Negative Interference Values

When interference is negative (e.g., −42 ms), the congruent condition was slower than the incongruent condition — a reversal of the expected Stroop direction. This is atypical in healthy adults and does not indicate superior cognitive control. Possible explanations include response set effects (a consistent speed-accuracy bias toward the incongruent format), practice or habituation effects, or strategic suppression of word reading. Negative interference should be noted as an unusual finding and interpreted cautiously, particularly if it persists across multiple sessions.
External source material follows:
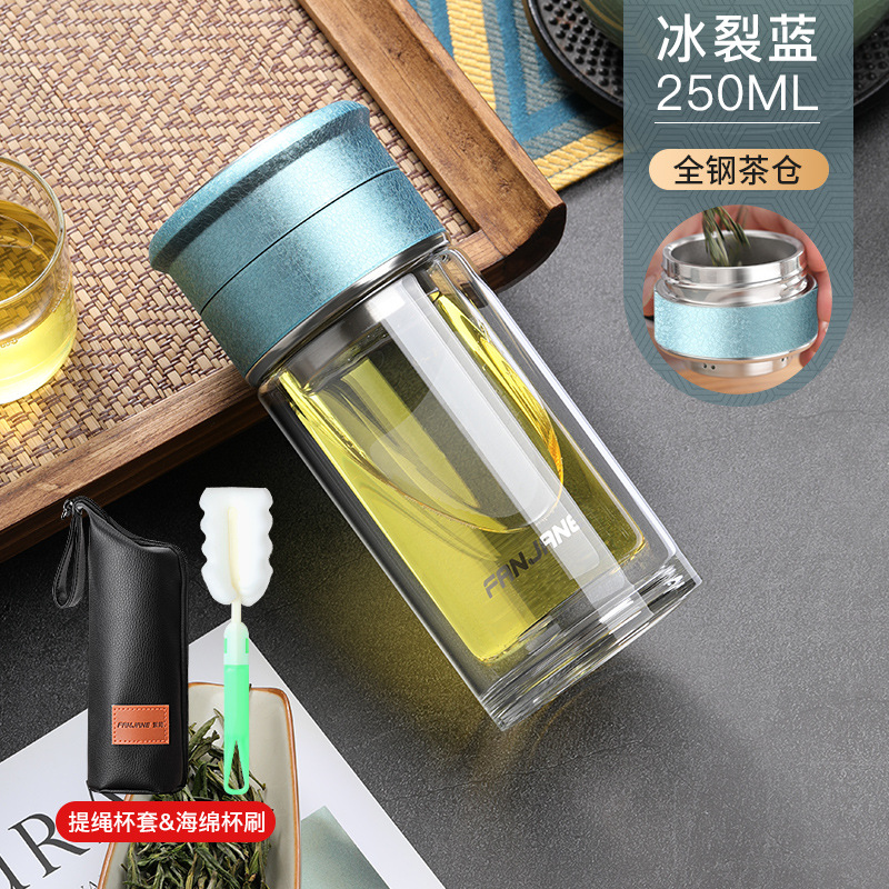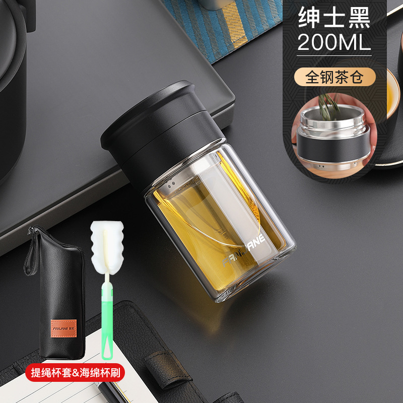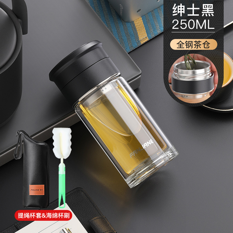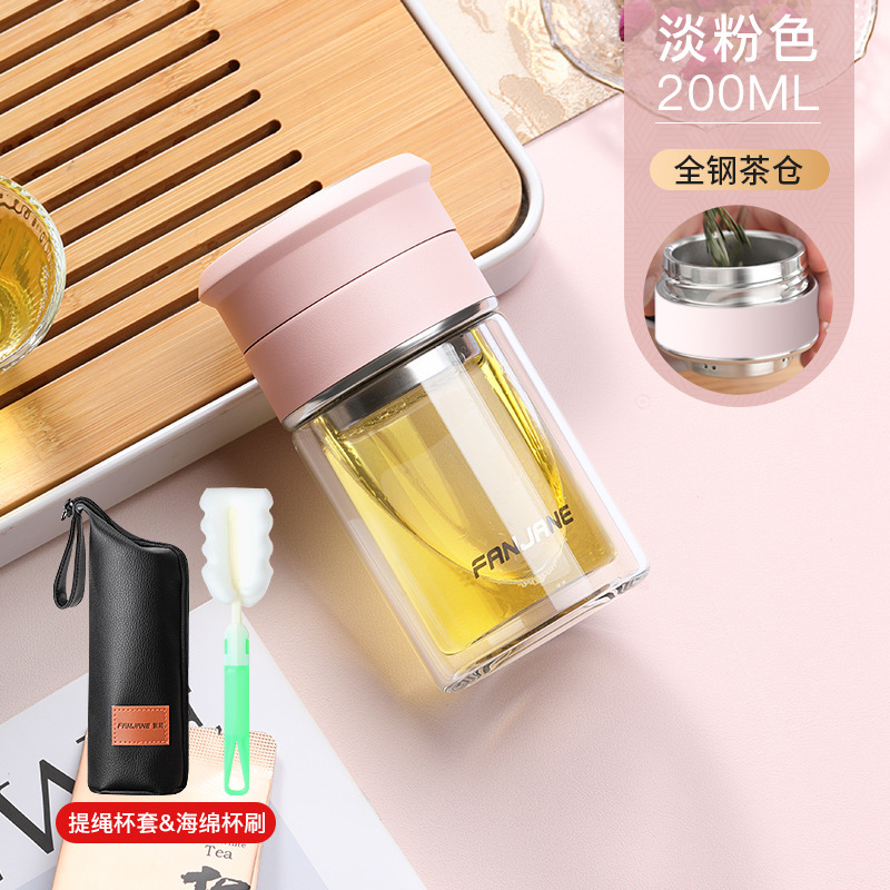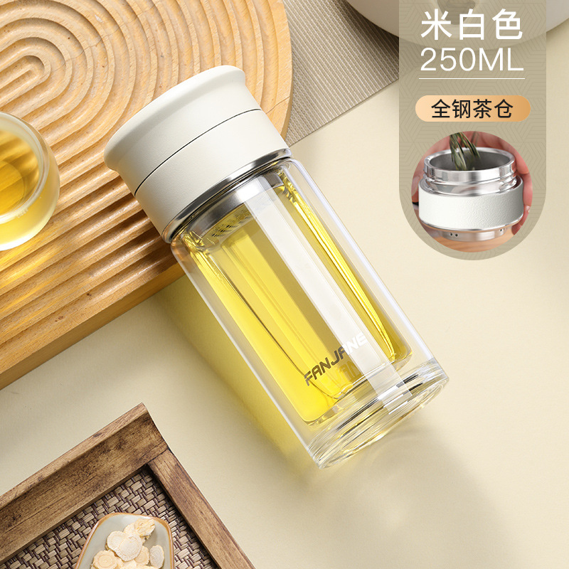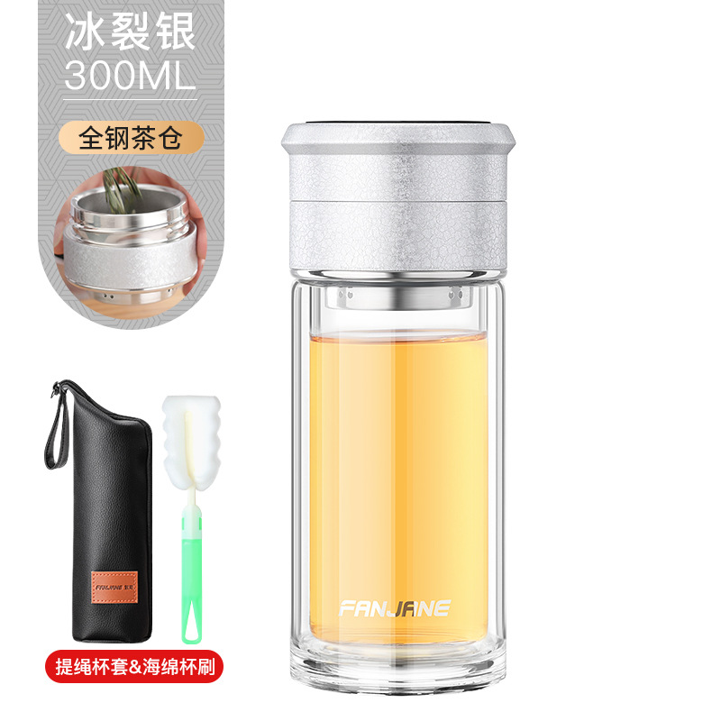 남성과 여성을위한 전통적이고 간단한 차-물 분리 유리 2 층 버블 티 컵 필터 차 여행 개성 컵 필터 물 컵

Best Session — Historical Report

In the historical report, Best Session identifies the session with the smallest absolute interference value — the session whose score is closest to zero. This criterion reflects the session in which word-colour conflict had the least measurable effect on response time, regardless of direction. A session with +20 ms is therefore considered better than one with −60 ms, because its absolute interference (20 ms) is smaller. This approach avoids misclassifying atypical negative values as markers of exceptional performance.

Clinical Applications

The Stroop paradigm has been validated as a sensitive measure across numerous clinical and research contexts (MacLeod, 1991):

  • ADHD: Increased interference and reduced accuracy reflect impaired response inhibition.
  • Traumatic Brain Injury (TBI): Slowing across all conditions with disproportionate increase in incongruent RT; sensitive to frontal lobe involvement.
  • Healthy ageing: Gradual increase in overall RT and interference with age, associated with white matter changes and reduced processing speed.
  • Schizophrenia: Greater interference and higher error rates, linked to executive dysfunction and reduced top-down cognitive control.
  • Depression and anxiety: Slower responses to emotionally congruent stimuli in emotional Stroop variants; standard Stroop shows slowing under high cognitive load.
  • Neurological monitoring: Serial administration tracks changes in cognitive control over time, useful in rehabilitation and neuromodulation follow-up.
Section 7

Limitations

  • Literacy requirement: The Stroop effect depends on automatic word reading. Results are not interpretable in participants who cannot read the language of the stimuli fluently.
  • Screen and input variability: RT precision depends on display refresh rate and input device latency. Results obtained on different hardware (e.g., touchscreen vs. keyboard) are not directly comparable.
  • Practice effects: Repeated administration within a short period produces RT improvement unrelated to the clinical construct of interest. A minimum interval of 24–48 hours between sessions is recommended for serial comparisons.
  • Colour vision: The task requires reliable discrimination of the ink colours used. Participants with colour vision deficiency (colour blindness) may show artifactual interference patterns and should be screened before administration.
  • Absence of local norms: This tool does not include a normative database. Interference values must be interpreted relative to the individual's own baseline across sessions, or against published norms appropriate for the population being evaluated.
  • Computerised vs. paper format: The computerised format (used here) and classic paper-and-pencil Stroop formats yield different absolute values. Published norms from paper versions should not be directly applied to these data.
Section 8

References

MacLeod, C. M. (1991). Half a century of research on the Stroop effect: An integrative review. Psychological Bulletin, 109(2), 163–203. https://doi.org/10.1037/0033-2909.109.2.163

Rabbitt, P. M. A., & Rodgers, B. (1977). What does a man do after he makes an error? An analysis of response programming. Quarterly Journal of Experimental Psychology, 29(4), 727–743. https://doi.org/10.1080/14640747708400645

Ratcliff, R. (1993). Methods for dealing with reaction time outliers. Psychological Bulletin, 114(3), 510–532. https://doi.org/10.1037/0033-2909.114.3.510

Stroop, J. R. (1935). Studies of interference in serial verbal reactions. Journal of Experimental Psychology, 18(6), 643–662. https://doi.org/10.1037/h0054651

Tukey, J. W. (1977). Exploratory Data Analysis. Addison-Wesley.